Warum kann man nicht einfach das Herz ausschalten und sagen, fuck off.
So bekomme ich von meinem Exfreund noch SMS, in denen er sagt, das er mich toll und intelligent findet. Allerdings ist er in einer anderen Beziehung.
Was sich vielleicht komisch anhört, wir beide haben noch Kontakt.
Kurz nachdem wir beide aus Vernunft (ich weiss nicht mehr, wer) durch die Entfernung Schluss gemacht haben, hatten wir relativ viel Kontakt. In der Zeit danach schrieb er immer wieder kleine Liebeserklärungen. Die wollte ich allerdings nicht mehr haben, da wir uns ja getrennt hatten. Für mich war das so einfacher, weil ich einfach nicht mehr darüber nachdenken wollte. Für ihn war es allerdings schwieriger, da er immer wieder von der Beziehung angefangen hatte. Ja, ich weiss, das hört sich hart und als eine etwas männliche Einstellung an. Ob es geholfen hat, weiss ich allerdings nicht.
In der Beziehung waren unsere Rollen auch immer verteilt. Er wollte von mir hören, dass ich ihn liebe, aber ich habe ihm das nur gezeigt. So bin ich für ihn Einkaufen gegangen und habe ihn immer wieder angerufen, ob wir uns sehen können.
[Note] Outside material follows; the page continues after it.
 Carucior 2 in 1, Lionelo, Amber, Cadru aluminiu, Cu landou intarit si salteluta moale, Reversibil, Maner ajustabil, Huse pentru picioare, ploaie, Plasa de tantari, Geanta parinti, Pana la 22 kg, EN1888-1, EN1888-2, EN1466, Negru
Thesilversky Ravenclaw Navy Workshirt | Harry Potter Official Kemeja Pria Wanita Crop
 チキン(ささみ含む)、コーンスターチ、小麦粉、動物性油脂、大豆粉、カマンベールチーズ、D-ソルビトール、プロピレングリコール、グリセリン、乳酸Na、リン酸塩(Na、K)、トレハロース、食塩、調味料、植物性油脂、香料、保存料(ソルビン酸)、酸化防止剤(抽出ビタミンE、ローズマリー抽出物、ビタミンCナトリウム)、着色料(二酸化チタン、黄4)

Jetzt hat er eine Freundin, die ihm das alles geben kann, was er braucht. Sie sagt ihm, dass sie ihn liebt.
Früher war ich immer der Einstellung, dass man das nicht braucht. Warum sagen, dass man den anderen liebt, wenn man ihm das zeigen kann. Wozu Worte „verschwenden“?
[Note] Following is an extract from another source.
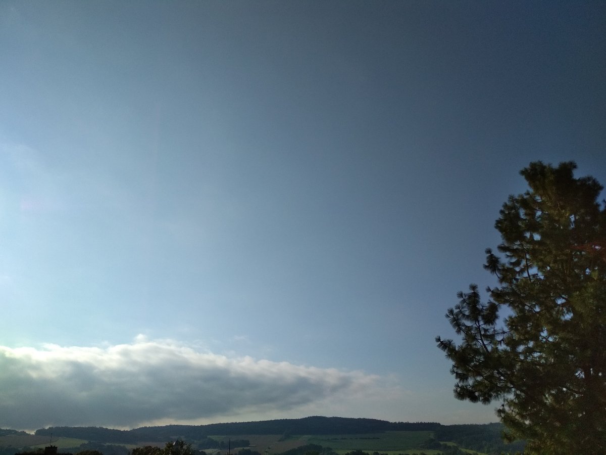 Oblačnost 0,9%, zákl.oblačnosti 1501,19m.n.m., tlak 1019,2hPa→, dohlednost 45km, rel.vlhkost 72,3%, abs.vlhkost 8,41g/m3, JJV větřík 155° 2,6m/s(2 Bft), poc.teplota 11,23°C, wind chill 11,85°C, tepl.ros.bodu 8,48°C, tepl.mraků 5,75°C, HUMIDEX 14,01°C, délka dne u nás = 16hod.11min.25vt.(67,46%dne), včerejší průměrná teplota = 14,23°C.
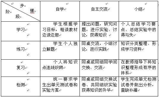 “自主探究——评价法”在具体操作中,教师要根据教材、教学大纲、知识内在规律、学生实际水平深度,将每个知识单元的学习分成四个阶段:学习、练习、复习、检测,设计学习程序,指导学生自学(主要学习实验方法)、实验交流、小结。各项概述如下:

Nun, jetzt weiss ich, dass ich auf ihn eingehen hätte müssen. Naja, aber wozu? Er war ja nur drei Monate hier? Was hätte das alles gebracht? Etwas mehr Emotionen investieren und dann mit einem gebrochenen Herzen enden?
Vielleicht haben wir die nicht vorhandene Beziehung über die Zeit weitergeführt. Da wir uns immer wieder bei freier Zeit gesehen haben. So ging ich zu ihm und habe seine komplette Familie kennengelernt und war auf der Hochzeit seines besten Freundes.
Und es endet doch immer mit schlaflosen Nächten, einer Flasche Wein und vielen Gedanken.

Aber da ich nun wieder frei bin mache ich eine Anzeige:
„Suche jemand, der Schuhgrösse 42 hat und mit mir Schuhe tauschen will.“
Ich hasse nämlich Schuhe kaufen. Er sucht sie aus und ich kann sie anziehen.
Praktisch, faktisch, gut.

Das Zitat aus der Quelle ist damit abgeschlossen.